### Data provided
[Start of Attachment]
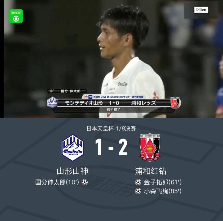 90分钟战报:山形山神1-2浦和红钻,金子拓郎扳平,小森飞珣反超比分
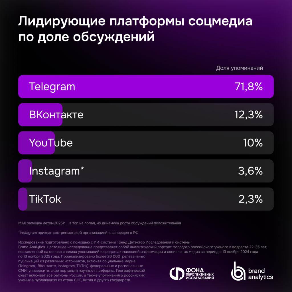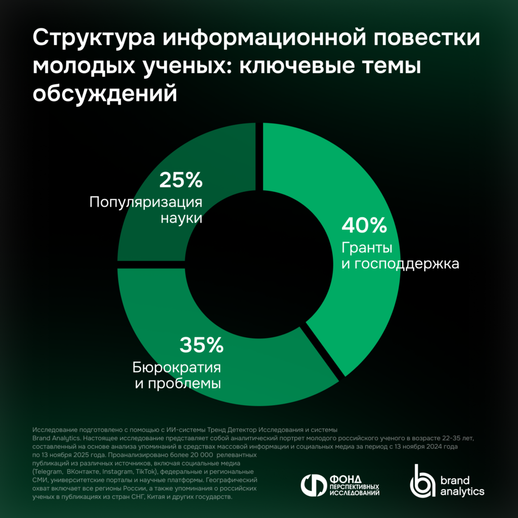 Исследование проводилось с использованием ИИ-системы «Тренд Детектор Исследования», для чего были проанализированы 40 млрд публичных сообщений в СМИ и соцмедиа за период с 13 ноября 2024 года по 13 ноября 2025 года. Из них по теме молодых ученых выявлено более 20 000 публикаций из различных источников, включая социальные сети (Telegram, ВКонтакте, TikTok , Instagram*( соцсеть признана экстремистской и запрещена в РФ), федеральные и региональные СМИ, университетские порталы и научные платформы. Географический охват включает все регионы России, а также упоминания о российских ученых в публикациях из стран СНГ, Китая и других государств.
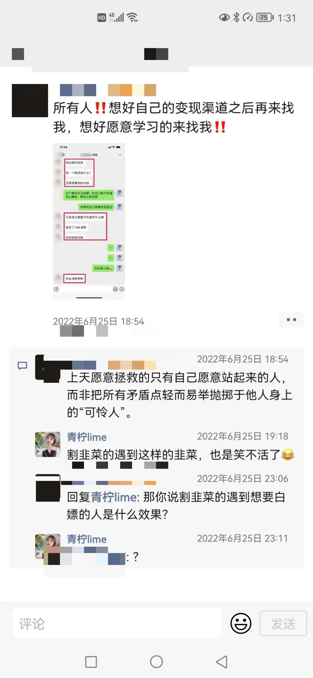结果他说我是白嫖的。我加她到现在没有聊过一次天,我都没想明白我白嫖她啥了。这个朋友圈评论实在是我刚好看到觉得太好笑了。没忍住。
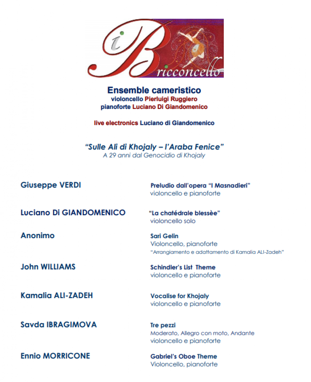 Tədbir İtaliyanın "I Bricconcello" kamera ansamblının üzvləri, tanınmış musiqiçilər violançelist Pierluici Ruccero və pianoçu Luçiano Di Candomeniconun ifasında Xocalı qurbanlarının xatirəsinə həsr olunan Azərbaycan, italyan və dünya musiqi irsindən olan təsirli parçalardan, o cümlədən "Sarı gəlin", Kəmalə Əli-zadənin "Xocalı üçün vokalis" və Sevda İbrahimovanın əsərlərindən ibarət konsert-rekviyem ilə davam edib.
[End of Attachment]
### Problem details
Omit the pictures, then quote the rest of the material above exactly.

### Exercise solution
 90分钟战报:山形山神1-2浦和红钻,金子拓郎扳平,小森飞珣反超比分
 Исследование проводилось с использованием ИИ-системы «Тренд Детектор Исследования», для чего были проанализированы 40 млрд публичных сообщений в СМИ и соцмедиа за период с 13 ноября 2024 года по 13 ноября 2025 года. Из них по теме молодых ученых выявлено более 20 000 публикаций из различных источников, включая социальные сети (Telegram, ВКонтакте, TikTok , Instagram*( соцсеть признана экстремистской и запрещена в РФ), федеральные и региональные СМИ, университетские порталы и научные платформы. Географический охват включает все регионы России, а также упоминания о российских ученых в публикациях из стран СНГ, Китая и других государств.
结果他说我是白嫖的。我加她到现在没有聊过一次天,我都没想明白我白嫖她啥了。这个朋友圈评论实在是我刚好看到觉得太好笑了。没忍住。
 Tədbir İtaliyanın "I Bricconcello" kamera ansamblının üzvləri, tanınmış musiqiçilər violançelist Pierluici Ruccero və pianoçu Luçiano Di Candomeniconun ifasında Xocalı qurbanlarının xatirəsinə həsr olunan Azərbaycan, italyan və dünya musiqi irsindən olan təsirli parçalardan, o cümlədən "Sarı gəlin", Kəmalə Əli-zadənin "Xocalı üçün vokalis" və Sevda İbrahimovanın əsərlərindən ibarət konsert-rekviyem ilə davam edib.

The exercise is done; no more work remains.